Thursday, June 21, 2007

Local Search in India: Search Relevance and Experience.

Search in India has a unique problem. Most Localities in India are words in local languages. When written in English, there are multiple ways of representing the same word. Resolving all these spellings to that particular location is a non-trivial task. Most search engines at the moment do not do such resolution and a few like Onyomo and Burrp have taken the easy way out by giving a drop down of localities the moment the user starts typing in the locality names. Guruji resolves locations to some extent but still has a long way to go. Justdial doesn’t resolve locations at all and looks for direct matches.

Beyond this, Local Search suffers from all other problems that are common to a categorized directory search ranging from inadequate keyword and category aliases to incorrect categorization to search tuning by category parameters. Technically, a site like Ilaakaa wouldn’t even qualify as a Local Search site because their search merely uses the Indiacom Yellow Pages search.

Since the key to success lies largely in the comprehensiveness and searchability of the data, many of the Local Search players don’t seem to have invested much time or effort on user experience and navigation. Justdial with the best data has one of the poorest user experiences on the site. Onyomo and Burrp have the best user experience and navigation among all the sites, with minimum clutter and ordered presentation.


Sunday, June 17, 2007

Local Search in India - Data Woes

The Local Search market in India is heating up. The space is largely taken up by startups at the moment. Considerable hype has been created of late in this space with Guruji getting backed by Sequoia Capital and Onyomo unveiling its SMS search platform.

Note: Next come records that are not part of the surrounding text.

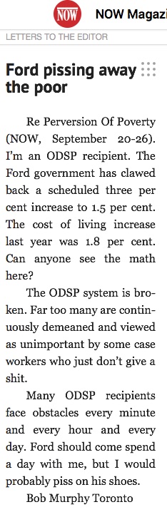 Letter to the Editor of NOW Magazine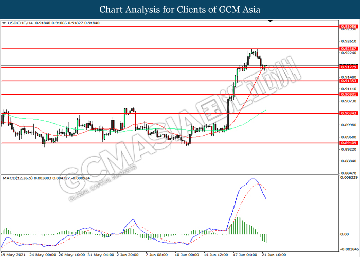 USDCHF, H4: USDCHF telah didagang dengan lebih rendah sementara kini menguji di tahap sokongan 0.9180. MACD yang memaparkan momentum bearish mencadangkan pasangan ini untuk melanjutkan kerugiannnya selepas ia memecah tahap sokongan tersebut.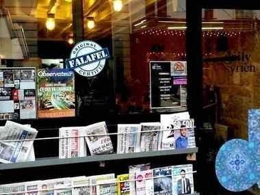 يمكنك تناول شطيرة ضخمة من الحمص، والفلافل، والباذنجان المشوي، والقرنبيط، ورقائق البطاطس مقابل خمسة يورو.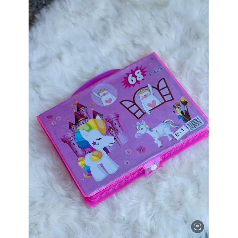 ✅تحتوي الشنطه على جميع أنواع الألوان مثل الألوان المائية والفلوماستر وألوان الصابون والخشب مع ريشة وممحاه ومبراه ومسطره وزيت خاص للألوان المائية.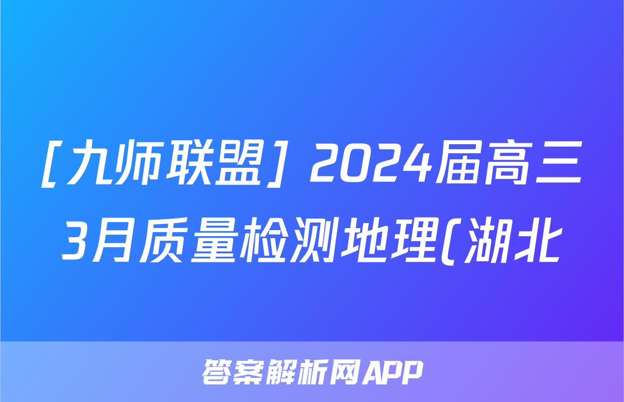 [九师联盟] 2024届高三3月质量检测地理(湖北)试题正在持续更新,目前2026届黄冈八模答案网为大家整理了相关试题及答案,供大家查缺补漏,高效提升成绩。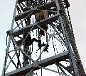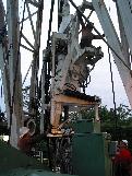 Paul attaches the top drive to its stabilization cables for drilling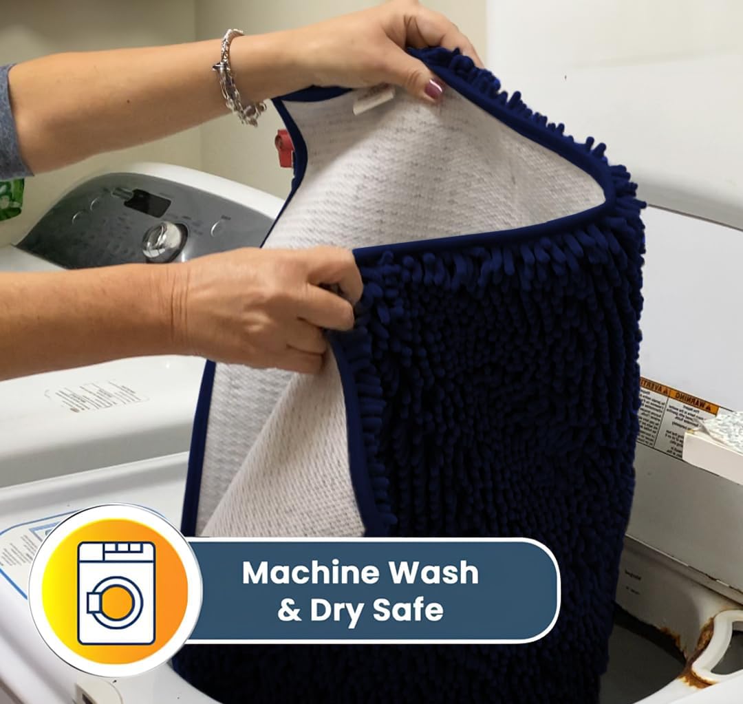 • [ ULTRA MOISTURE ABSORBENT ] Designed with a thick layer of plush 1-inch chenille that soaks up to 5X its weight for maximum water absorption ideal for trapping liquid from shower floors and wet spills from pets.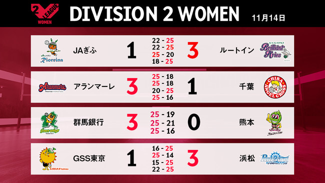 バレーボール国内最高峰リーグ V.LEAGUE【11月14日の試合結果】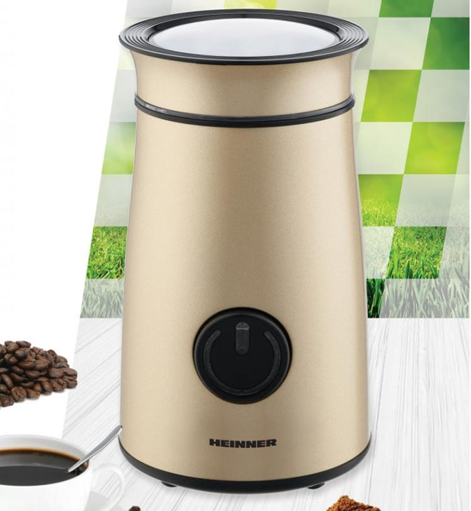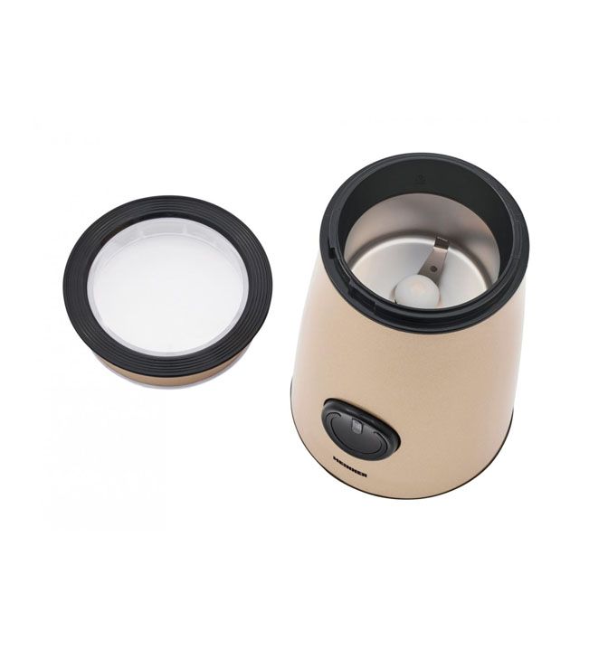 Elektrinis kavos malūnėlis „Heinner Longold 150 HCG-150IXGD“, 150 W, talpa: 50 g, nerūdijančio plieno malimo peiliukai, apsauginio užrakto sistema, mygtukas, aukso spalvos.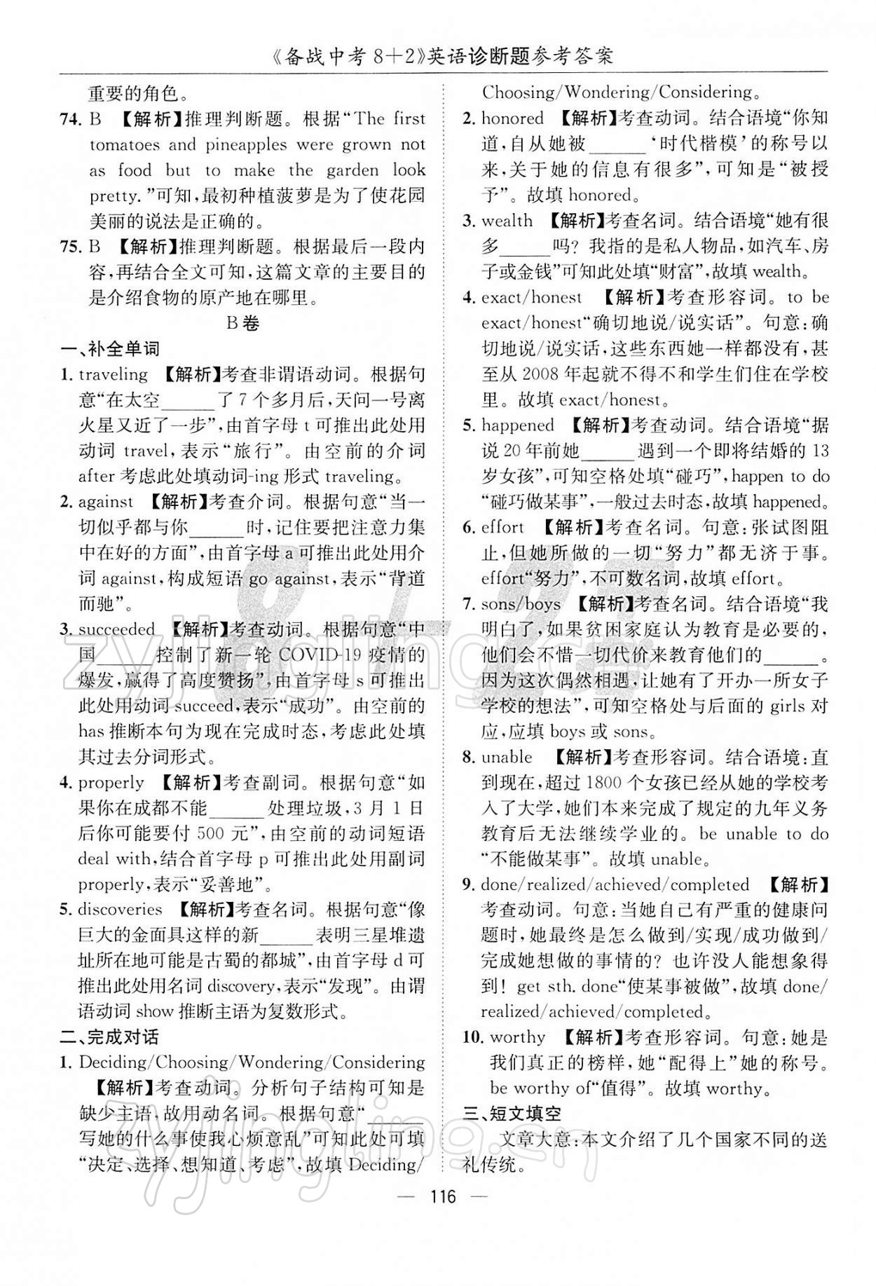 注:目前有些书本章节名称可能整理的还不是很完善,但都是按照顺序排列的,请同学们按照顺序仔细查找。练习册 2022年备战中考8加2英语 答案主要是用来给同学们做完题方便对答案用的,请勿直接抄袭。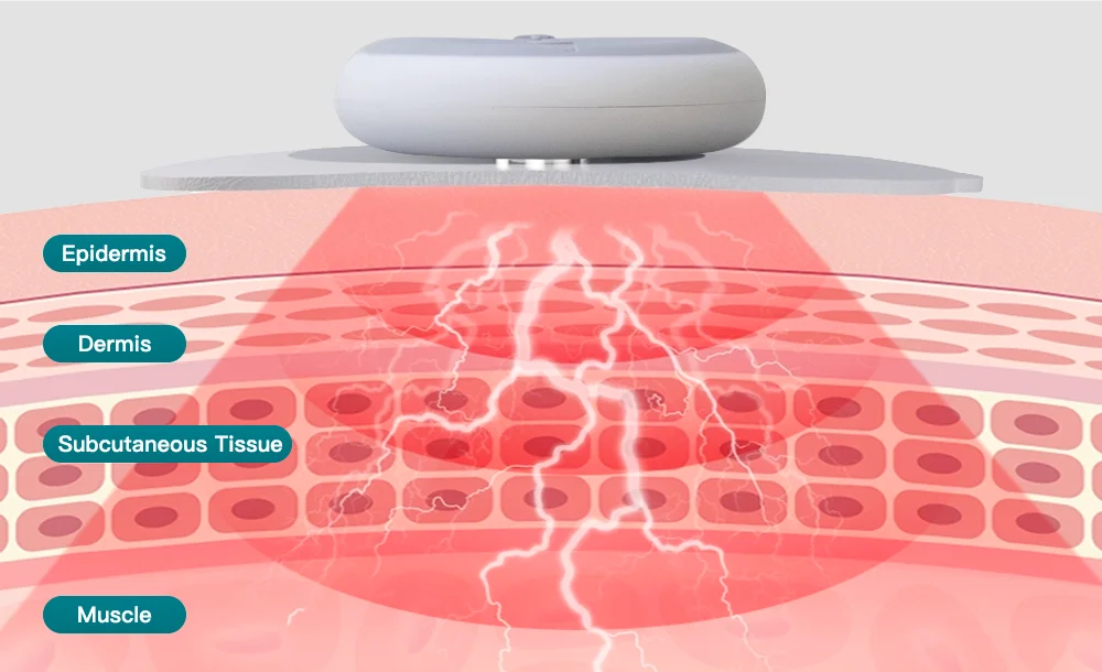 Peel off the protective film, attach the pad to the target area, then press and hold the power button for 2 seconds to activate.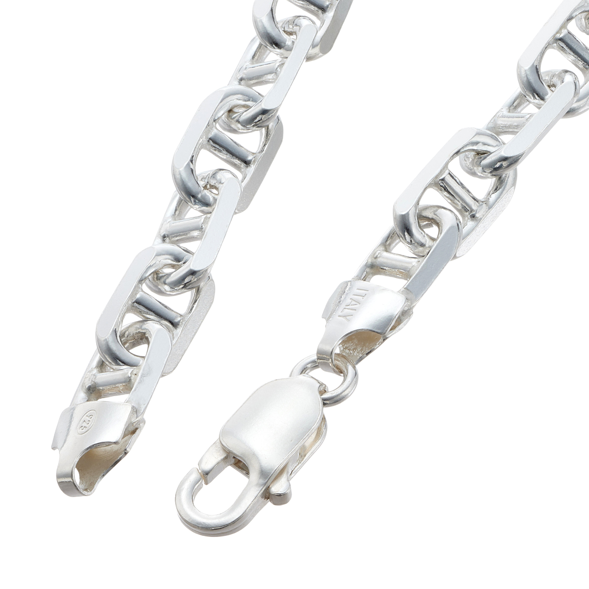 アンカーチェーンをモチーフにしたボリュームのあるブレスレット。シルバーの上品な光沢と洗練されたデザインが装いのポイントになってくれます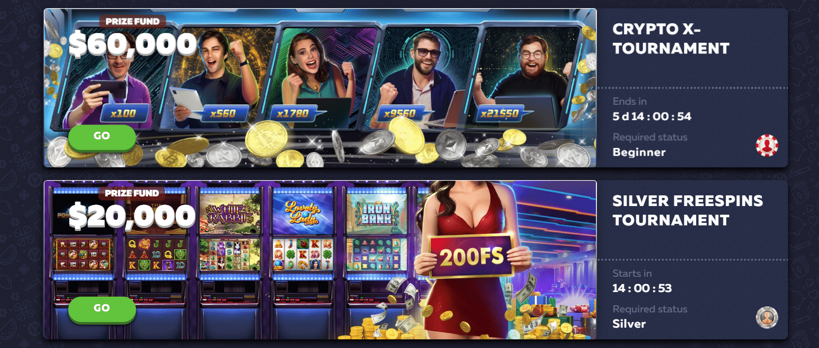 Vavada must do a much better job of advertising their contests, which you can find under the Events tab in the casino lobby. At first, we thought this platform had no competitions, but then we clicked on the Events tab and saw that it offers a variety of time-limited tournaments with prize pools ranging from $20,000 to $60,000, tailored to different player statuses. You must meet the required status to join, with recurring opportunities for all tiers. These events have prize funds that differ, rewards given out in free spins, or bonus funds. Most of them delivered rewards to those in the first twenty leaderboard spots.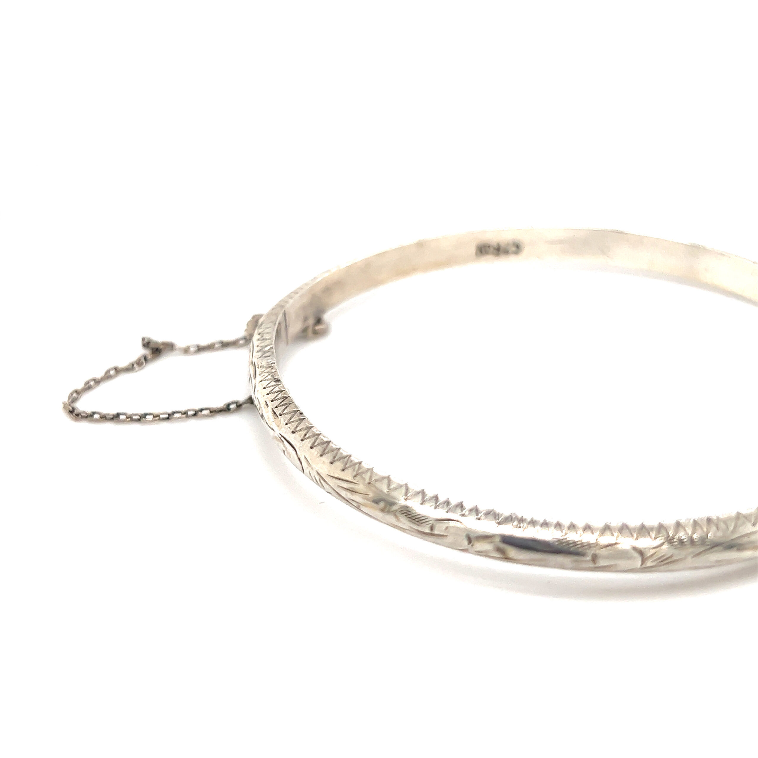 Sterling Silver 925 Bangle with Safety Chain. Vintage piece.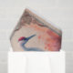 Uma bela grua é enquadrada por designs adoráveis e um motim de flores coloridas, tudo em pinks e blues complementares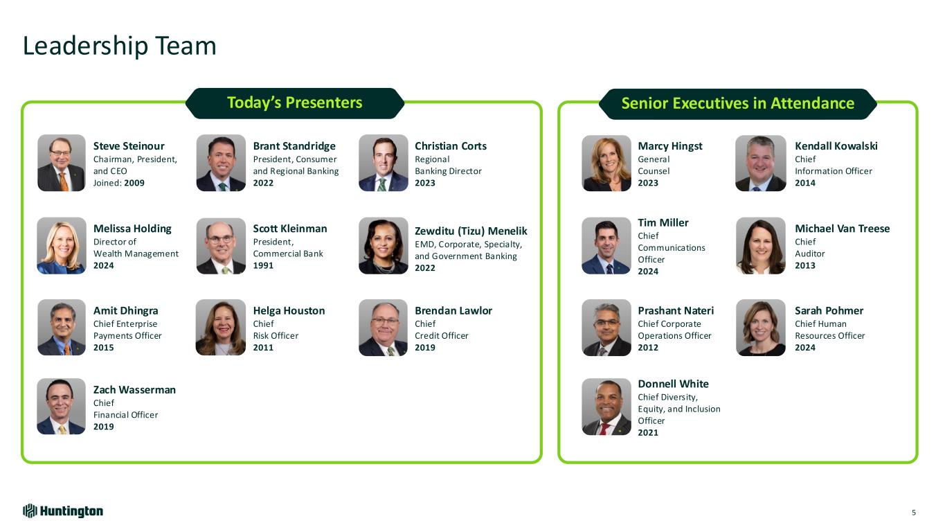 8:30 am WELCOME AND OPENING REMARKS Tim Sedabres | Head of Investor Relations 10:30 am COMMERCIAL BANKING / CORPORATE, SPECIALTY, AND GOVERNMENT BANKING Expanding Capabilities to Provide Complete Customer Solutions Scott Kleinman | President, Commercial Bank Zewditu (Tizu) Menelik | EMD, Corporate, Specialty, and Government Banking COMPANY AND STRATEGY OVERVIEW Sustained Growth Culture Steve Steinour | Chairman, President, and CEO PAYMENTS Accelerating Growth and Scale Amit Dhingra | Chief Enterprise Payments Officer CONSUMER AND REGIONAL BANKING Customer Focus Drives Differentiated Growth and Further Scale Brant Standridge | President, Consumer and Regional Banking 11:15 am Q&A REGIONAL BANKING Aligned and Integrated Team Positioned Close to Our Customers Leads to Differentiated Performance Christian Corts | Regional Banking Director RISK / CREDIT Disciplined Approach Leads to Outperformance Helga Houston | Chief Risk Officer Brendan Lawlor | Chief Credit Officer WEALTH MANAGEMENT Leveraging the Huntington Franchise to Drive Sustainable Growth Melissa Holding | Director of Wealth Management FINANCIAL OUTLOOK Positioned for Accelerating Value Creation Zach Wasserman | Chief Financial Officer 9:55 am Q&A CLOSING REMARKS Steve Steinour | Chairman, President, and CEO 10:15 am BREAK 12:30 pm Q&A 12:50 pm LUNCHEON WITH EXECUTIVE TEAM Presentation Agenda 4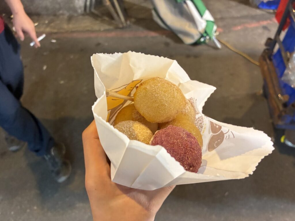 昨日も言った艋舺夜市で「QQボール(地瓜球)」とジーローハン、スープを頼んで食べました。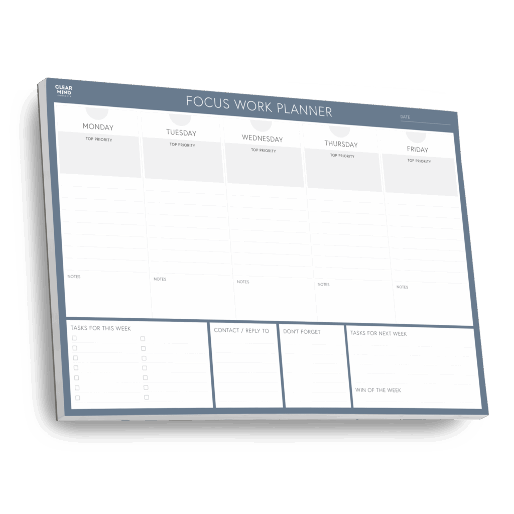 Planning your Monday to Friday work week, wether that's all in one go or day, by day takes decisions out of your head. This gives you space to think clearly and feel calmer throughout the week.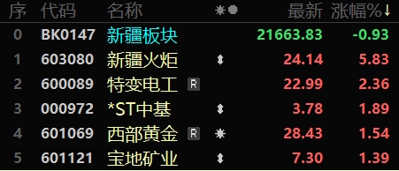 其中,新疆火炬上漲5.83%,報(bào)收24.14元;特變電工上漲2.36%,報(bào)收22.99元;*ST中基上漲1.89%,報(bào)收3.78元;西部黃金上漲1.54%,報(bào)收28.43元;寶地礦業(yè)上漲1.39%,報(bào)收7.30元。博納影業(yè)、匯嘉時(shí)代、麥趣爾、天順股份、科力股份跌幅居前。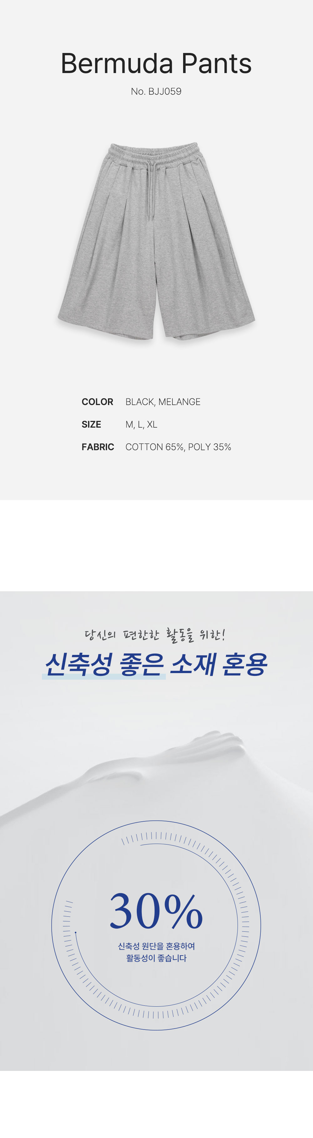 남성 와이드 밴딩 핀턱 하프 버뮤다팬츠 BJJ059

The primary factors that determine the effectiveness of a Local Search engine are data quality, search relevance and ease of navigation. One of the biggest challenges that players face in this space is the lack of availability of rich local data. Unlike the US, the local data market is highly fragmented and most players are Yellow Page companies whose data is largely outdated. Arguably, the best database of Local listings currently rests with JustDial, a company which serves Local Information primarily on the phone but has recently entered the online fray as well. Ever since its launch, www.justdial.com has had the maximum traffic in this space, rapidly gaining over Guruji.

Most of the other players rely on Yellow Page companies for Local Data. Guruji, a recent entrant sources its data from Infomedia and hence suffers from the problem of outdated listings. Ilaaka, another player in the local space redirects its search to the Indiacom Yellow Pages site while MapMyIndia sources its local listings from GetIt.

Onyomo has adopted a different approach towards data. They have feet-on-street teams which have been collecting local data by street surveys. This is similar to A9’s effort at collecting pictures of Local Listings by feet-on-street except that the economics for such an exercise work far better in India where labor comes much cheaper.

AOL has also launched a local site but its data is very sparse and largely sourced from websites and web directories.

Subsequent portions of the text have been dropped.